The numbers for this example were chosen for illustrative purposes and, for best results, users should tune the MPI-OpenMP ratio for their particular problem.

For further details, please see the eCSE01-017 project page and accompanying technical report.

Shared Memory parallel optimization of the FFT

The environment variable NUM_PROC_IN_SMPNote1 controls the use of shared-memory to optimize interconnect use by bundling up inter-node communication. This improves parallel scaling of the 3D FFT, particularly at large MPI process counts. The value should be in the range 1 to the number of MPI processes per node, although best performance is usually obtained with a value of 6.

Note1 - Using the environment variable to set NUM_PROC_IN_SMP was added in CASTEP 17.2; in earlier versions a parameter of the same name in the <SEEDNAME>.param input file was used.

Tuning k-point Parallelism

For calculations with large k-point counts, it may be appropriate to reduce the level of k-point parallelism with the following addition to your .param input file:

%BLOCK devel_code
    PARALLEL:kpoint=<n>:ENDPARALLEL
%ENDBLOCK devel_code

which explicitly sets the limit to <n>-way k-point parallelism.
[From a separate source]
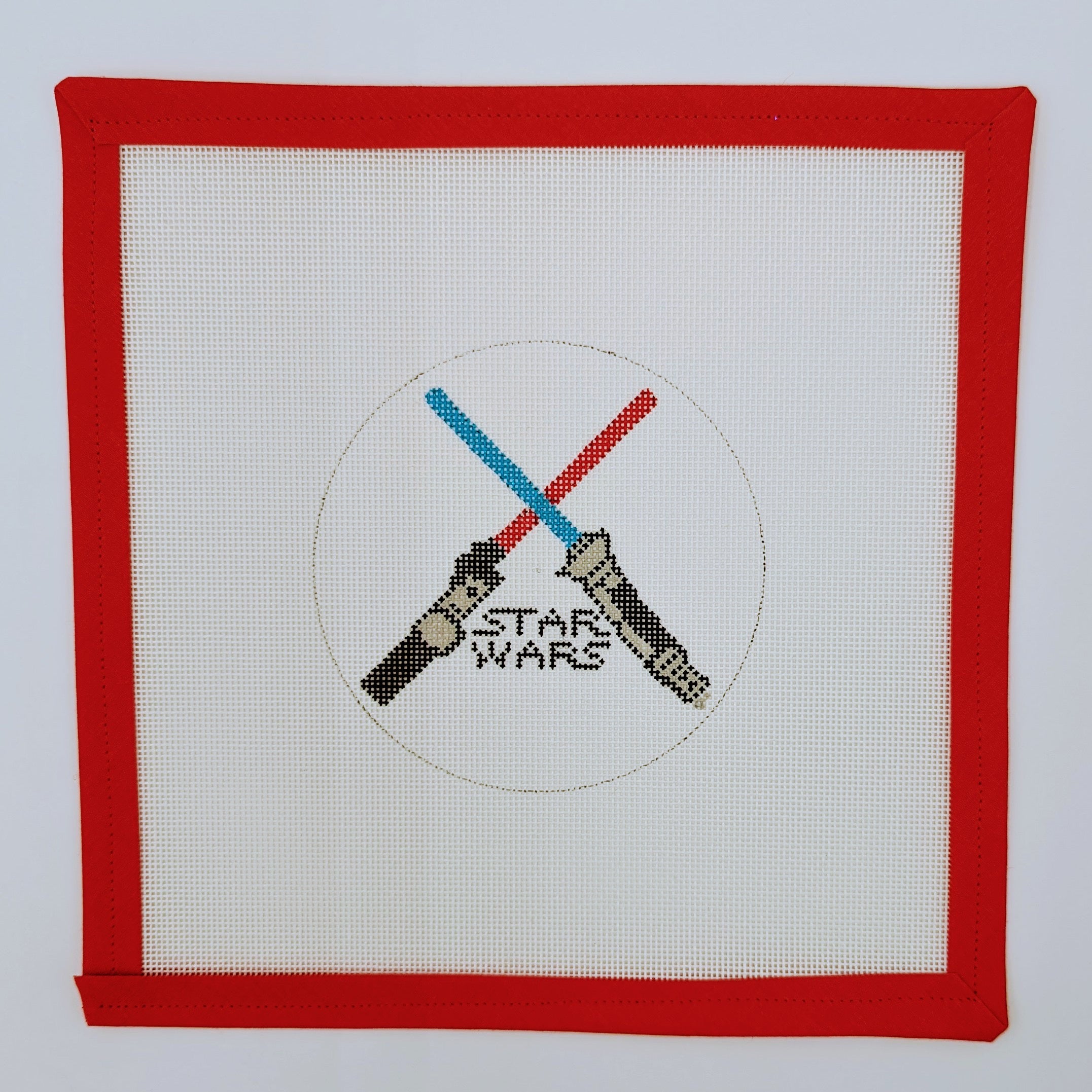 Get ready to join the battle between the light and the dark side with our stellar Star Wars Light Sabers needlepoint canvas! Showcasing a dynamic array of iconic light sabers from the legendary saga, this 18-mesh canvas brings a pop of color and excitement to your stitching projects. Perfect for making a bold ornament or a unique decorative piece, it's sure to ignite the passion of any needlepoint enthusiast across the galaxy. So grab your favorite threads and let the stitching force be with you!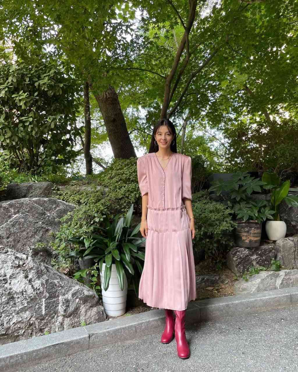 韓國女演員金成恩身穿Instantfunk連身裙。

CASTEP's default strategy is to maximize k-point parallelism as this is much less latency and bandwidth sensitive than G-vector (FFT) parallelism. Unfortunately k-point parallelism is more memory hungry than G-vector, and this can easily exceed the node memory. By tuning this kpoint parameter, memory use can be reduced by trading off latency and bandwidth.